Mr. Elijah Washington shook his head.
“No, sir: I know him same as I might know you. It got me curious when I found out the why of the torturing: he wouldn’t tell where it was.”
“Where what was?” asked Manfred quickly, and Mr. Washington was surprised.
“Why, the writing they wanted to get. I thought maybe he’d told you. He said he was coming right along to spill all that part of it. It was a letter he’d found in a tin box—that was all he’d say.”
They looked at one another.
“I know no more about it than that,” Mr. Washington added, when he saw Gonsalez’ lips move. “It was just a letter. Who it was from, why, what it was about, he never told me. My first idea was that he’d been flirting round about here, but divorce laws are mighty generous and they wouldn’t trouble to get evidence that way. A man doesn’t want any documents to get rid of his wife. I dare say you folks wonder why I’ve come along.” Mr. Washington raised his steaming cup of coffee, which must have been nearly boiling, and drank it at one gulp. “That’s fine,” he said, “the nearest to coffee I’ve had since I left home.”
He wiped his lips with a large and vivid silk handkerchief.
“I’ve come along, gentlemen, because I’ve got a pretty good idea that I’d be useful to anybody who’s snake-hunting in this little dorp.”
“It’s rather a dangerous occupation, isn’t it?” said Manfred quietly.
Washington nodded.
“To you, but not to me,” he said. “I am snake-proof.”
He pulled up his sleeve: the forearm was scarred and pitted with old wounds.
“Snakes,” he said briefly. “That’s cobra.” He pointed proudly. “When that snake struck, my boys didn’t wait for anything, they started dividing my kit. Sort of appointed themselves a board of executors and joint heirs of the family estate.”
“But you were very ill?” said Gonsalez.
Mr. Washington shook his head.
“No, sir, not more than if a bee bit me, and not so much as if a wasp had got in first punch. Some people can eat arsenic, some people can make a meal of enough morphia to decimate a province. I’m snake-proof—been bitten ever since I was five.”
He bent over towards them, and his jolly face went suddenly serious. “I’m the man you want,” he said.

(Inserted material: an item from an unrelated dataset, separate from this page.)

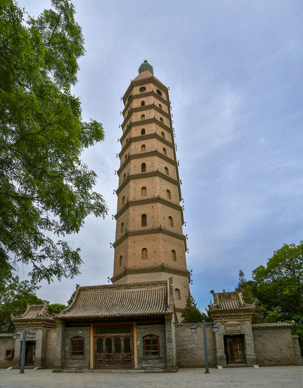 塔门面东,可通过4.8米的券道进入塔室。塔室呈方形空间,室内各层为木板楼层结构,有木梯盘旋而上。塔身一至二层各面设券门窗式壁龛,三、五、七、九层设南北券门式明窗,塔身各层收分较大,每层之间的塔檐上下各挑出三层棱牙砖。

“I think you are,” said Manfred slowly.
“Because this old snake ain’t finished biting. There’s a graft in it somewhere, and I want to find it. But first I want to vindicate the snake. Anybody who says a snake’s naturally vicious doesn’t understand. Snakes are timid, quiet, respectful things, and don’t want no trouble with nobody. If a snake sees you coming, he naturally lights out for home. When momma snake’s running around with her family, she’s naturally touchy for fear you’d tread on any of her boys and girls, but she’s a lady, and if you give her time she’ll Maggie ’um and get ’um into the parlour where the foot of white man never trod.”
Leon was looking at him with a speculative eye.
“It is queer to think,” he said, speaking half to himself, “that you may be the only one of us who will be alive this day week!”
Meadows, not easily shocked, felt a cold shiver run down his spine.